Provided data section start
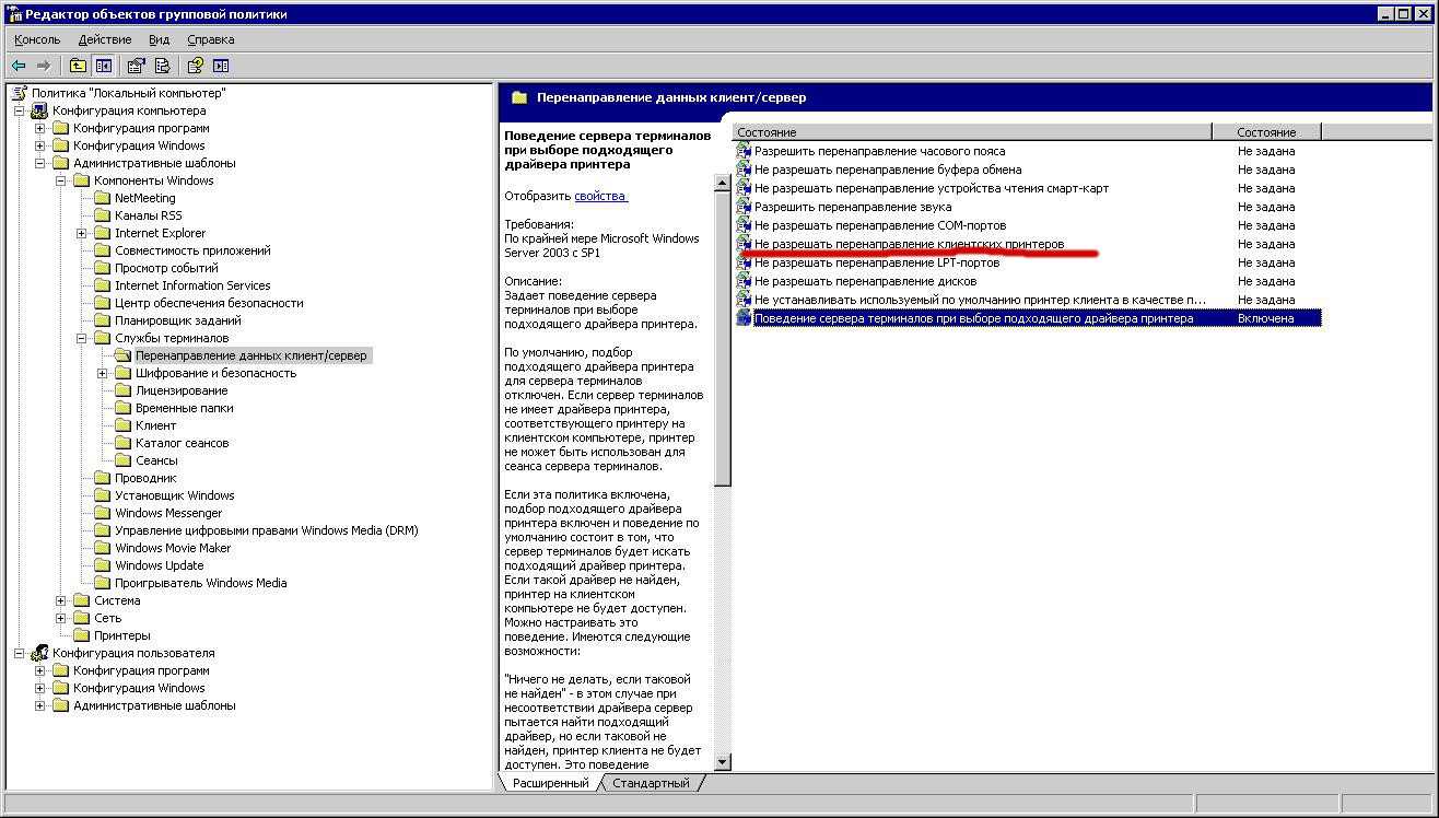 Не создаются перенаправляемые принтеры и в «диспетчере устройств» в «системных устройствах» отсутствует специальное устройство «перенаправитель устройства сервера терминалов», он же «remote desktop device redirector bus», в 2003 выглядит так:
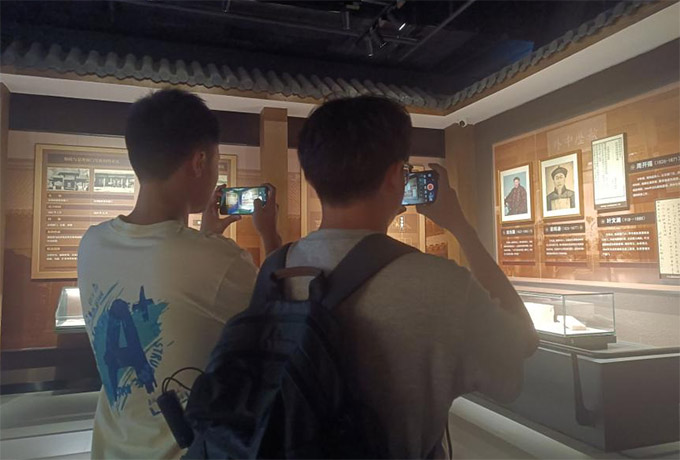 (圖為實(shí)踐隊(duì)在船政文化博物館內(nèi)瞻仰時(shí)間軸 范夢雨/提供)
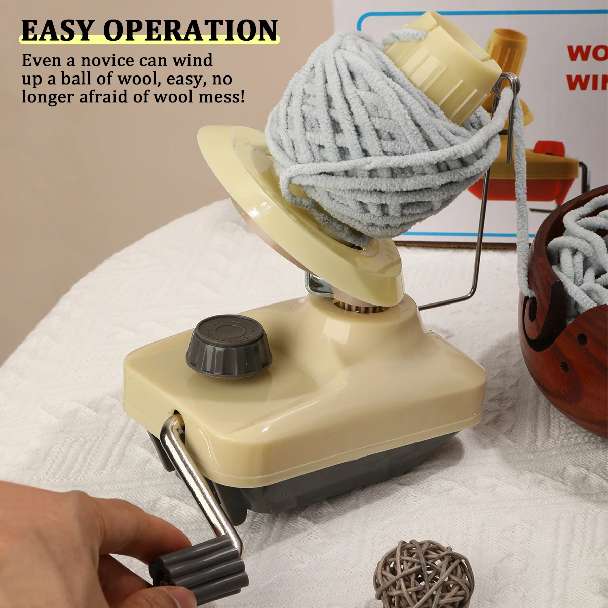 This portable hand-operated yarn winder is perfect for creating neat and uniform yarn balls.
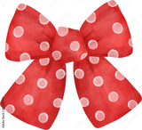 cute white polka dot on red ribbon hair bow tie watercolour illustration
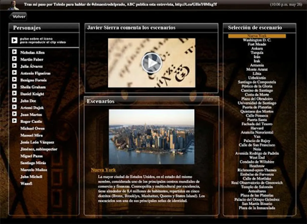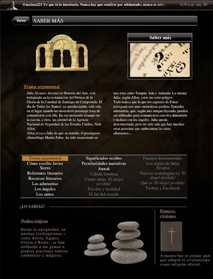 The application offers many more attractions for the reader as well as the interview with Javier Sierra:
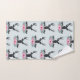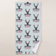 Toalha estampada com uma cabeça de cervo preto com grandes galhadas. Linhas geométricas dentro na face do veado acrescentam um toque criativo. Flores cor-de-rosa e folhas verdes de menta formam um bonito buquê floral abaixo de sua cabeça. Um esboço de serra colocado entre as flores também agrava o sentimento rústico do país.
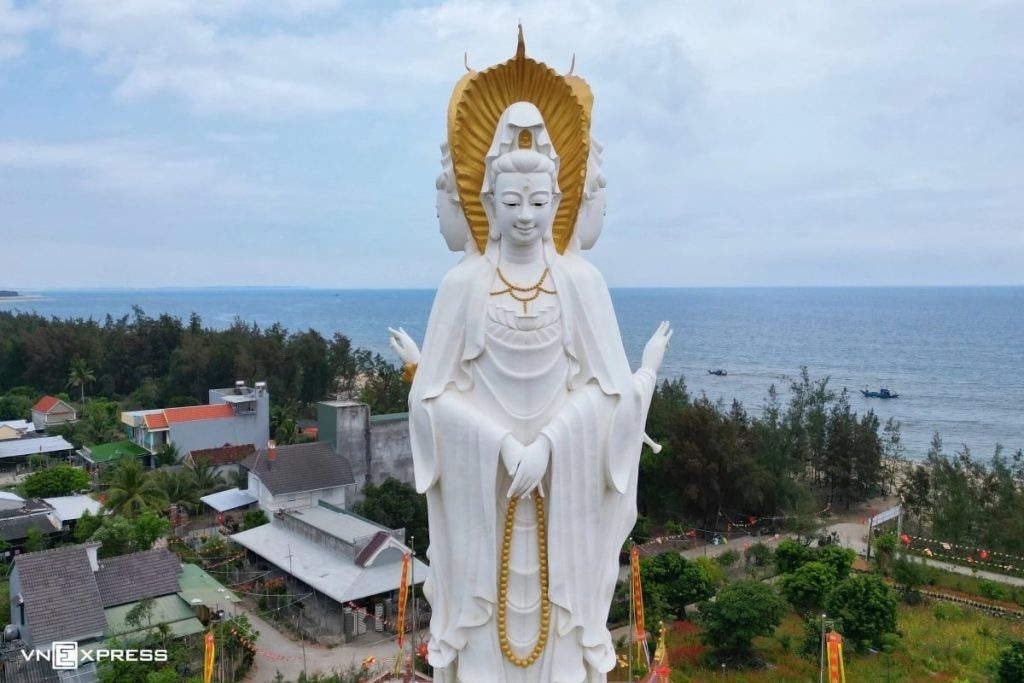Đại đức Thích Hạnh Nhân, Trụ trì chùa Đức Lâm cho biết tượng được xây dựng từ đóng góp của các mạnh thường quân, phật tử và người dân địa phương. Tôn tượng có ba mặt quay về ba hướng: hướng biển, khu dân cư và nghĩa trang.
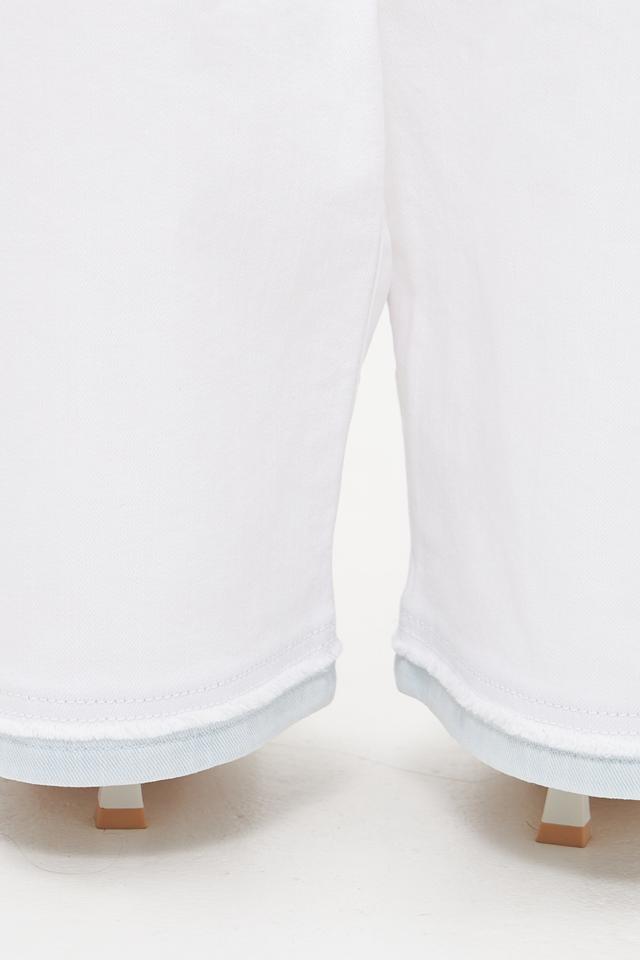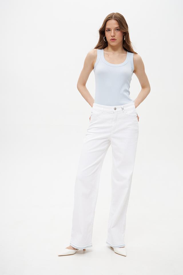 Широкие ноги создают расслабленный силуэт, а слегка укороченная длина делает модель актуальной и стильной. Джинсы идеально подойдут для создания повседневных образов в сочетании с топами, футболками и другой одеждой. Низ брюк выполнен с голубой окантовкой.
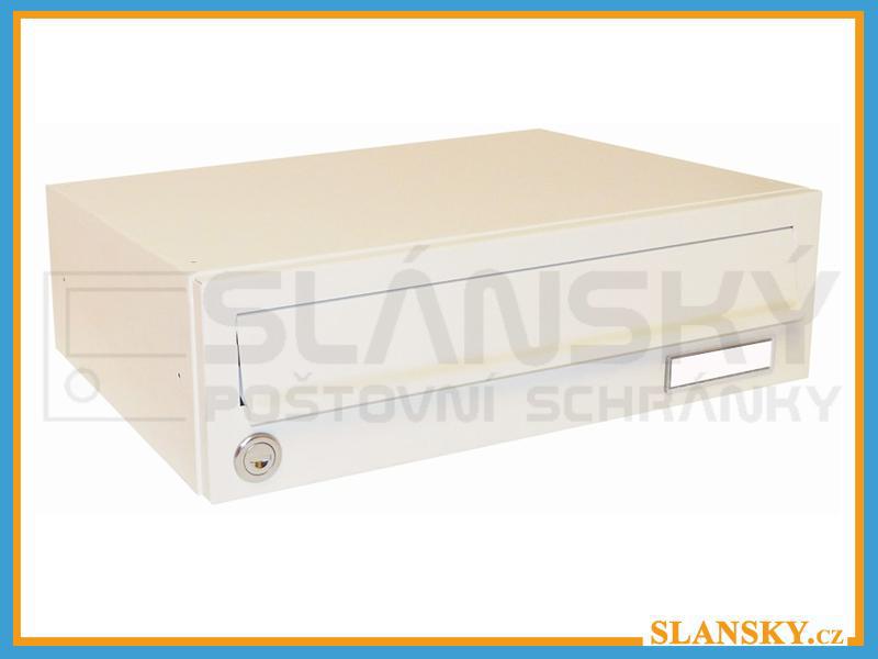 - Ležatá poštovní schránka s hliníkovou vhozovou sklapkou.
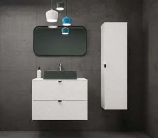 Komplet ten ten, to szafka pod umywalkę o szerokości 80 cm i słupek do przechowywania, które perfekcyjnie wpiszą się w przestrzenne wymagania większości łazienek, a ich unikatowa cecha - fronty ozdobione eleganckim wzorem angielskiej jodełki - nadadzą wnętrzu niepowtarzalny charakter. Upragniona elegancja w Twojej łazience - komplet mebli łazienkowych Szafka pod umywalkę idealna również do organizacji przestrzeni i przechowywania różnorodnych akcesoriów łazienkowych dzięki 2 pojemnym szufladom. Szuflady wyposażone w cichy domyk. Stylowy zamykany słupek łazienkowy doskonały do przechowywania. Eleganckie metalowe uchwyty ułatwiające zamykanie i stanowiące luksusowe wykończenie szafek.
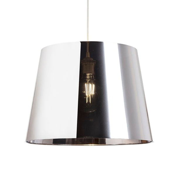 Decorative shade of chrome-colored foil, that can be combined with a pendant set or floor lamp stand. When the lamp is lit it becomes semi-transparent, and when it is powered off it has a reflective surface. Suitable accessories: HEX, ELISA, ENZO, LISA, KOMBIX, BEND, ALVIS, AMBITUS, NYC.
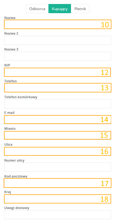| Edycja zamówienia > Formularz adresu > Kupujący | Telefon | 13 | Edycja Zamówienia > Dane klienta > Dane do rachunku | Telefon | 13 | |
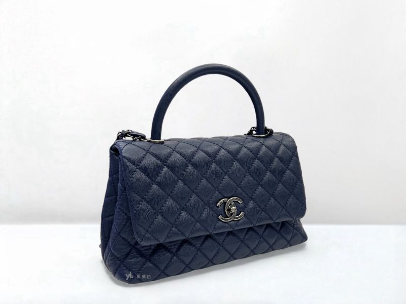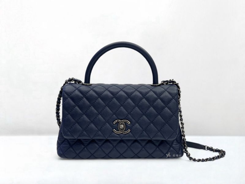 S5162 CHANEL包包 深藍色荔枝皮復古銀釦coco handle28 (板橋府中店)
Provided data section end
[Task prompt]: Quote, without alteration, the lines running from the line containing "Telefon | 13 | |" to the last line of the entries, and include no pictures.

[Result of this task]:
| Edycja zamówienia > Formularz adresu > Kupujący | Telefon | 13 | Edycja Zamówienia > Dane klienta > Dane do rachunku | Telefon | 13 | |
 S5162 CHANEL包包 深藍色荔枝皮復古銀釦coco handle28 (板橋府中店)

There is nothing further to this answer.